REPUBLIKA.CO.ID, JAKARTA -- Pengamat politik dari Universitas Pelita Harapan Emrus Sihombing menyarankan partai politik tidak menggunakan isu suku, agama, ras dan antargolongan (SARA) dalam pemilihan presiden yang berlangsung pada 2019. Menurutnya sudah saatnya capres dan cawapres dipilih karena kualitas dan program kerja.
"Harusnya para partai deklarasi menolak segala bentuk kampanye yang mempertentangkan perbedaan etnis di antara kita," ujar Emrus di Jakarta, Selasa (4/7).
Ia berpendapat selama ini belum ada keinginan partai menolak dengan tegas digunakannya isu SARA, apalagi saat partai dan pasangan calon diuntungkan akan cenderung membiarkan.
Menurut Emrus, seharusnya partai yang diuntungkan muncul ke permukaan dan dengan tegas menyatakan tidak mau menang karena isu SARA. "Kalau diserang dari sudut SARA atau agama bisa teriak, kalau diuntungkan harus maju juga. Seringkali ada pembiaran karena menguntungkan," kata Emrus.

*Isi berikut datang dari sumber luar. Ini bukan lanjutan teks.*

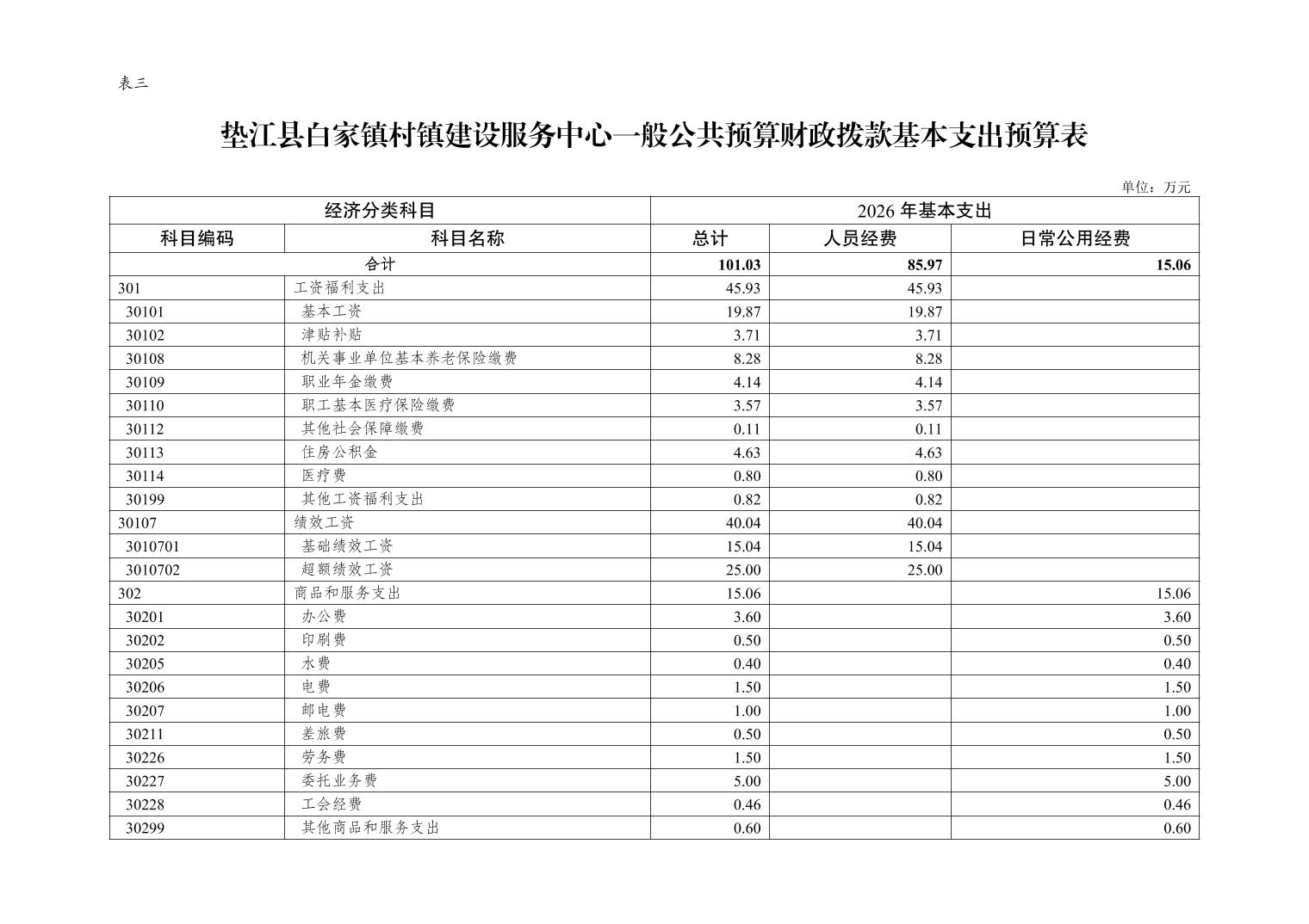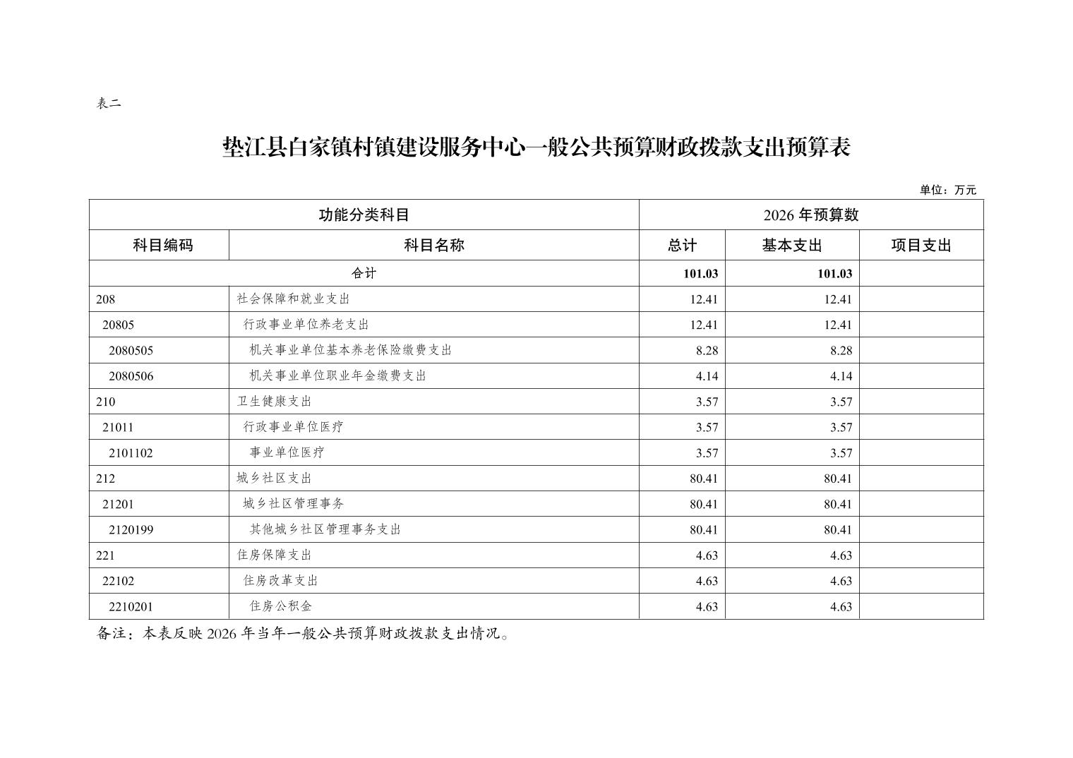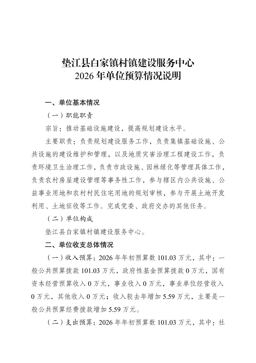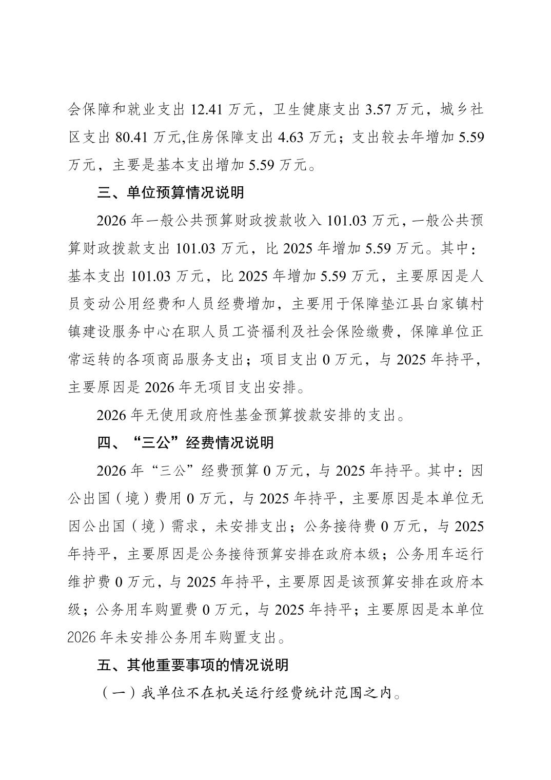 垫江县白家镇村镇建设服务中心2026年单位预算情况说明

Menurut dia, memilih pasangan calon presiden dan wakil presiden karena hanya melihat dari sisi kesukuan pun sudah saatnya diakhiri karena akan mengabaikan kualitas dan program kerja setiap pasangan calon.

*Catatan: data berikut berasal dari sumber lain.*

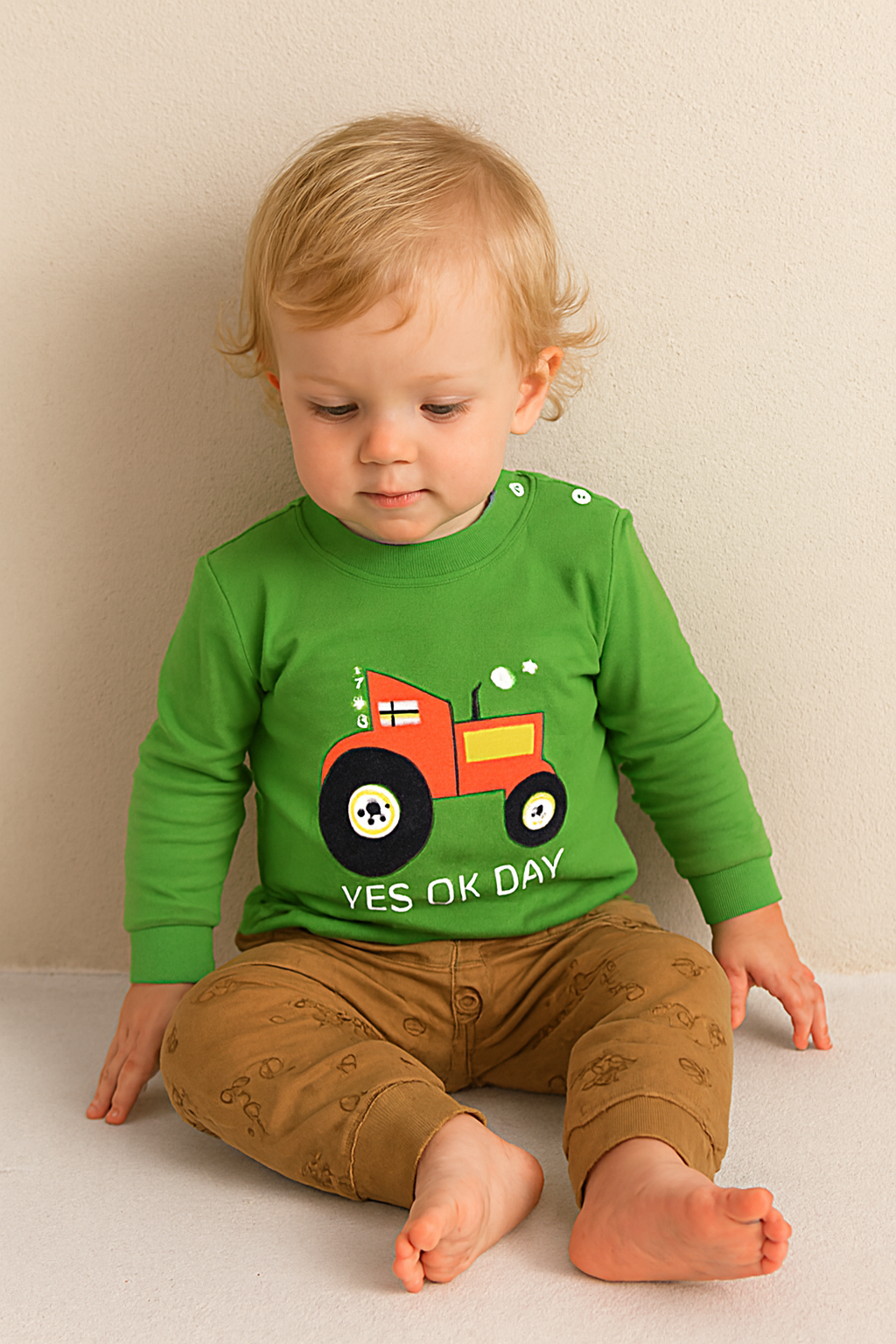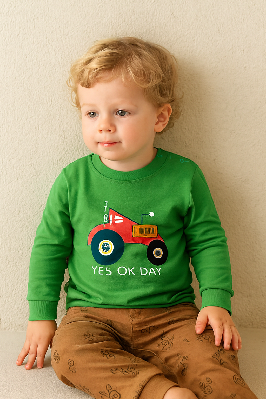 Unleash adventure with this charming set featuring a green top and beige pants, designed for comfort and playful style.

"Saya pikir harus kita sudahi masih terkotakkan suku dan agama. Sulit untuk maju dan akan menjadi tirai penutup untuk program," katanya.

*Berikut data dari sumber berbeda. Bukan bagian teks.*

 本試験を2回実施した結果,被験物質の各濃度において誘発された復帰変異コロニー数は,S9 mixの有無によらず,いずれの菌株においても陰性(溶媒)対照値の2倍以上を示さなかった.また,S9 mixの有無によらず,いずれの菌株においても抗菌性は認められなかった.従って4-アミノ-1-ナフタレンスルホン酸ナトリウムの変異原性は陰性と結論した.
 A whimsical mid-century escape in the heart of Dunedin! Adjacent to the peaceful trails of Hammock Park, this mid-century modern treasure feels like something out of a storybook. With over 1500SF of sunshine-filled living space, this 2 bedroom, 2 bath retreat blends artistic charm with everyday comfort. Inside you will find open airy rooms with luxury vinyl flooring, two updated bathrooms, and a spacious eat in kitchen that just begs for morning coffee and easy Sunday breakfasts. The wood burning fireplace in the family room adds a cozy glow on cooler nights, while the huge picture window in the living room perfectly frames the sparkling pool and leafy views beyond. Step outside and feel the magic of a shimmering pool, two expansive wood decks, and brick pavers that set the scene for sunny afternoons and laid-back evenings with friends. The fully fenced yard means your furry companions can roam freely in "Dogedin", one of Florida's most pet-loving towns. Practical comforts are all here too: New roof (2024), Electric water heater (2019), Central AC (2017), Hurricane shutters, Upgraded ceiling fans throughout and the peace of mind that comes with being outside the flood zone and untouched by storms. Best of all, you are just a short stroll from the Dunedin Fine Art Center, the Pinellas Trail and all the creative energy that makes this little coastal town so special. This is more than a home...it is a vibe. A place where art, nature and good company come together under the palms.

Terkait proyeksi calon presiden dan wakil presiden, Emrus menyebut realitas politik bukan harga mati, melainkan sangat cair, siapa pun dapat berpasangan hingga batas akhir pendaftaran pada Agustus 2018. Ia pun menekankan pentingnya sosok yang akan menjadi cawapres karena saat terpilih, karpet merah menuju calon presiden pada pemilu pada 2024 sudah tergelar.